Positive selection of Kranz and non-Kranz C4 phosphoenolpyruvate carboxylase amino acids in Suaedoideae (Chenopodiaceae).

In subfamily Suaedoideae, four independent gains of C4 photosynthesis are proposed, which includes two parallel origins of Kranz anatomy (sections Salsina and Schoberia) and two independent origins of single-cell C4 anatomy (Bienertia and Suaeda aralocaspica). Additional phylogenetic support for this hypothesis was generated from sequence data of the C-terminal portion of the phosphoenolpyruvate carboxylase (PEPC) gene used in C4 photosynthesis (ppc-1) in combination with previous sequence data. ppc-1 sequence was generated for 20 species in Suaedoideae and two outgroup Salsola species that included all types of C4 anatomies as well as two types of C3 anatomies. A branch-site test for positively selected codons was performed using the software package PAML. From labelling of the four branches where C4 is hypothesized to have developed (foreground branches), residue 733 (maize numbering) was identified to be under positive selection with a posterior probability >0.99 and residue 868 at the >0.95 interval using Bayes empirical Bayes (BEB). When labelling all the branches within C4 clades, the branch-site test identified 13 codons to be under selection with a posterior probability >0.95 by BEB; this is discussed considering current information on functional residues. The signature C4 substitution of an alanine for a serine at position 780 in the C-terminal end (which is considered a major determinant of affinity for PEP) was only found in four of the C4 species sampled, while eight of the C4 species and all the C3 species have an alanine residue; indicating that this substitution is not a requirement for C4 function.

Differentiation of C4 photosynthesis along a leaf developmental gradient in two Cleome species having different forms of Kranz anatomy.

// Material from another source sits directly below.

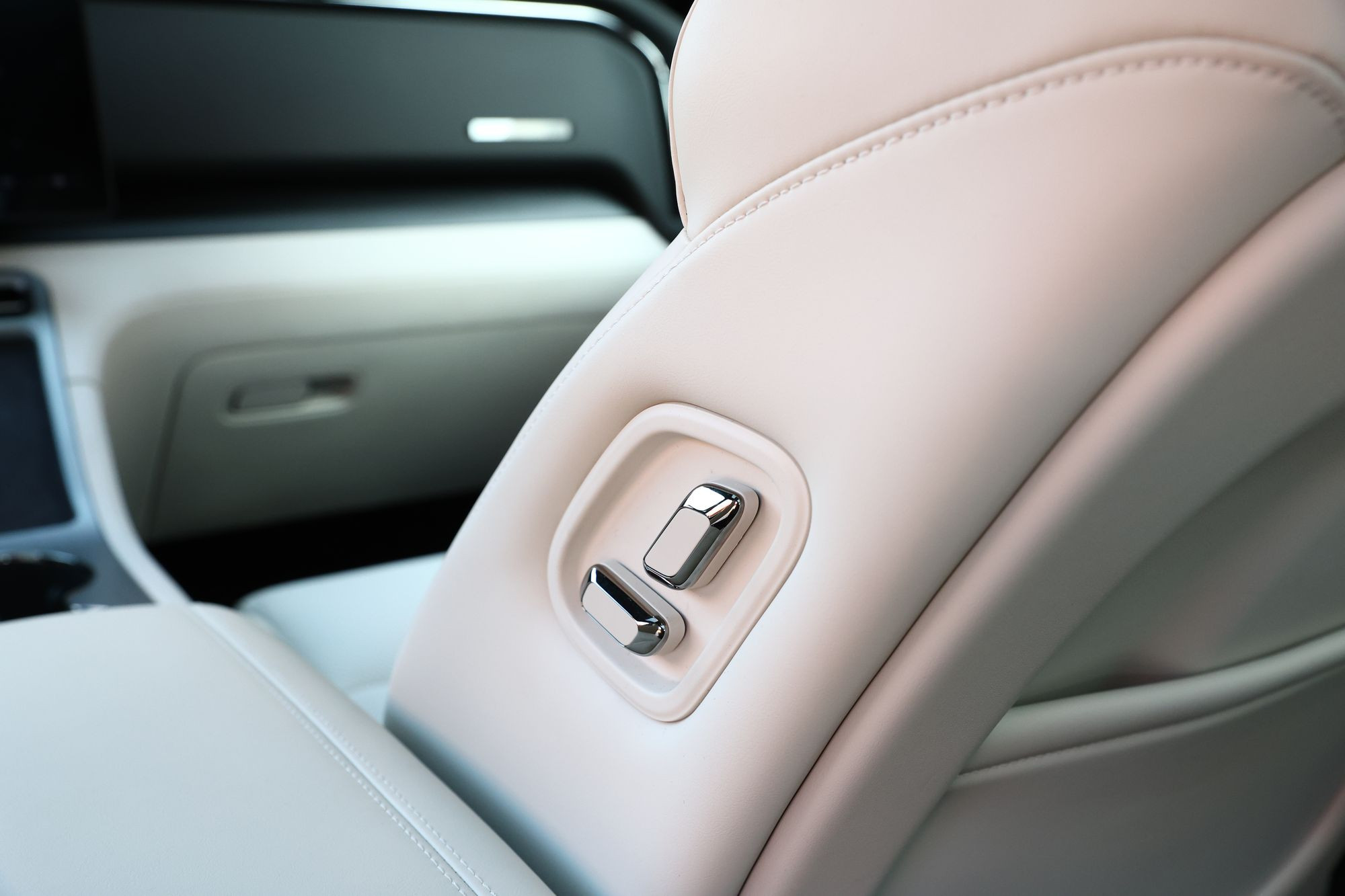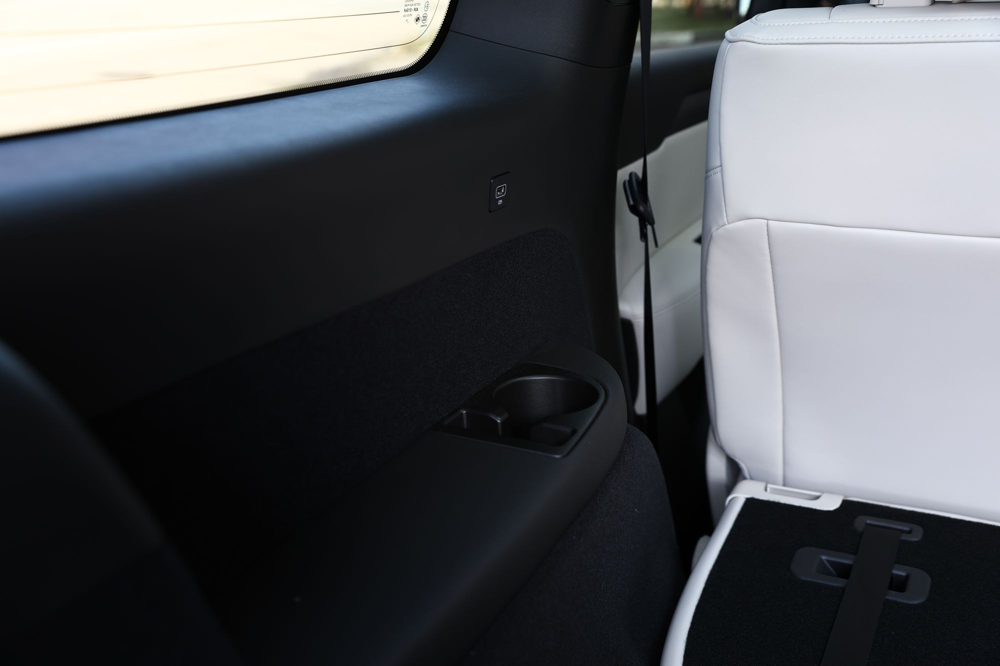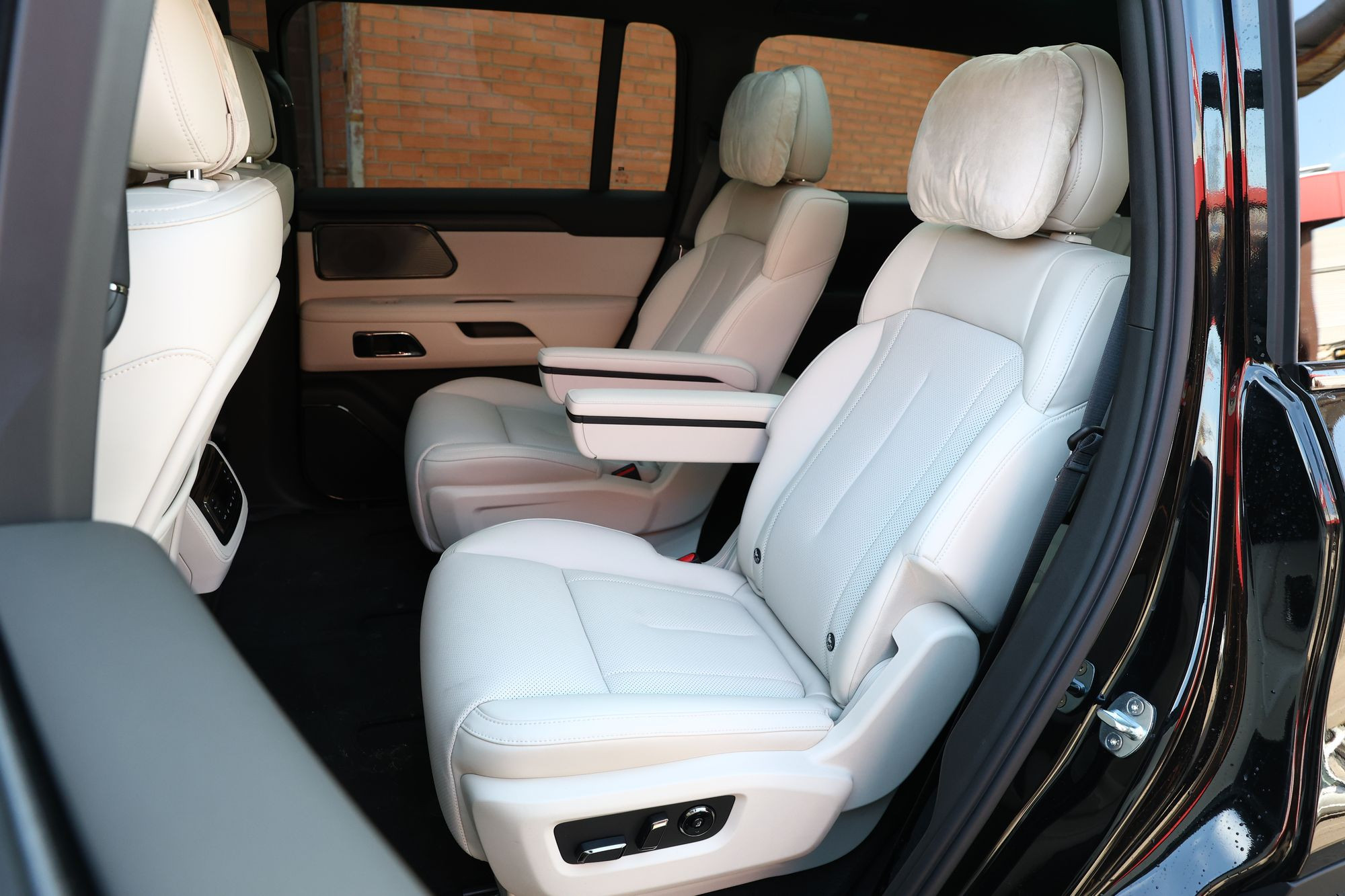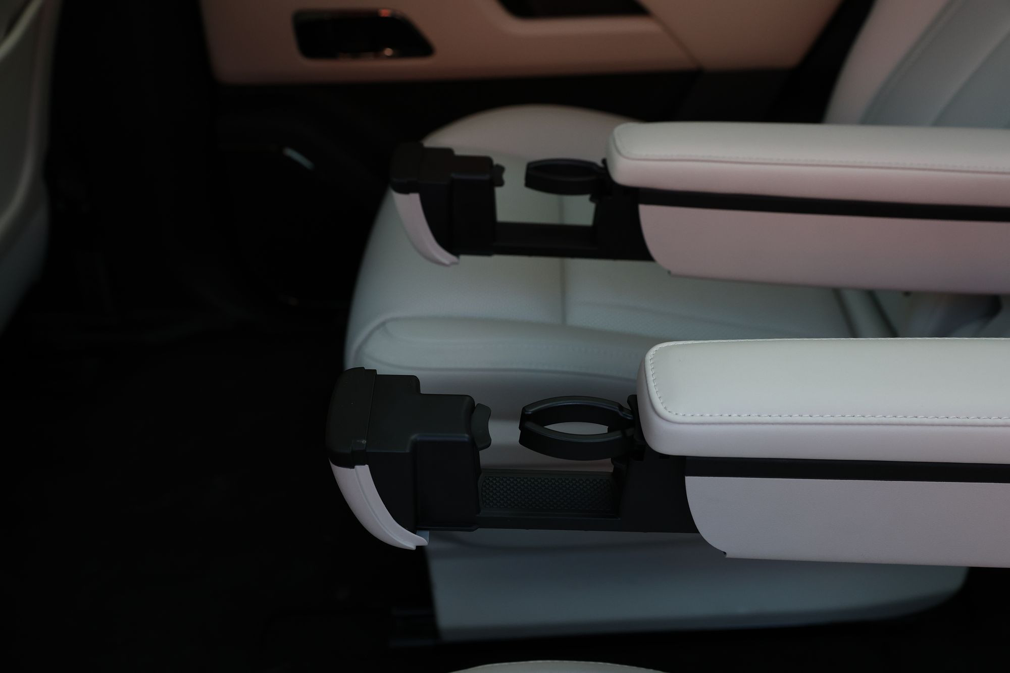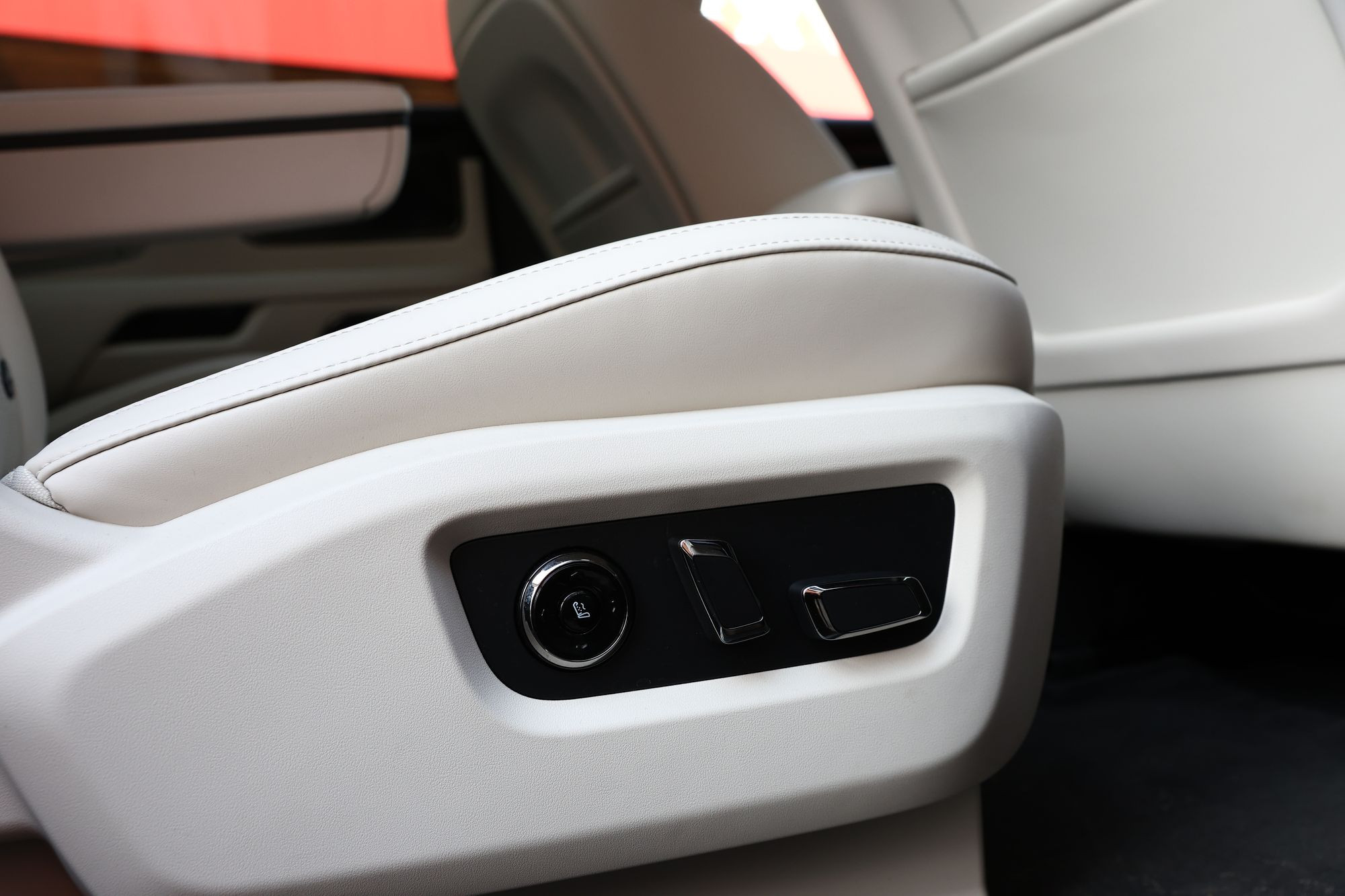 Компоновка салона у Rox 01 может быть различной. Она всегда будет трехрядной, но посадочная формула в версии Business Lounge Edition имеет вид 2+2+2, а в версии Family Edition – 2+2+3. То есть, второй ряд в любом случае раздельный, а вот третий может быть как двухместным, так и трёхместным. У «бизнеса» средний ряд более продвинутый, с массивными креслами, как в люксовых минивэнах, с широкими стационарными подлокотниками и выдвижными оттоманками. Family довольствуется сиденьями попроще. Они не такие крупные, а подлокотник у них только внутренний. Ещё в этом случае отсутствует вентиляция, хотя есть и подогрев, и даже массаж. Но главное – между креслами можно спокойно пройти на третий ряд. Насколько комфортно там можно разместиться, зависит от благосклонности пассажиров второго ряда и их готовности делиться личным пространством, но диванчик в любом случае плоский и установлен очень низко, чтобы при желании его можно было сложить под пол. Тоже, кстати, вручную. У нас на тесте побывал как раз «семейный» вариант.

In family Cleomaceae there are NAD-malic enzyme-type C4 species having different forms of leaf anatomy. Leaves of Cleome angustifolia have Glossocardioid-type anatomy with a single complex Kranz unit which surrounds all the veins, while C. gynandra has Atriplicoid anatomy with multiple Kranz units, each surrounding an individual vein. Biochemical and ultrastructural differentiation of mesophyll (M) and bundle sheath (BS) cells were studied along a developmental gradient, from the leaf base (youngest) to the tip (mature). Initially, there is cell-specific expression of certain photosynthetic enzymes, which subsequently increase along with structural differentiation. At the base of the leaf, following division of ground tissue to form M and BS cells which are structurally similar, there is selective localization of Rubisco and glycine decarboxylase to BS cells. Thus, a biochemical C3 default stage, with Rubisco expression in both cell types, does not occur. Additionally, phosphoenolpyruvate carboxylase (PEPC) is selectively expressed in M cells near the base. Surprisingly, in both species, an additional layer of spongy M cells on the abaxial side of the leaf has the same differentiation with PEPC, even though it is not in contact with BS cells. During development along the longitudinal gradient there is structural differentiation of the cells, chloroplasts, and mitochondria, resulting in complete formation of Kranz anatomy. In both species, development of the C4 system occurs similarly, irrespective of having very different types of Kranz anatomy, different ontogenetic origins of BS and M, and independent evolutionary origins of C4 photosynthesis.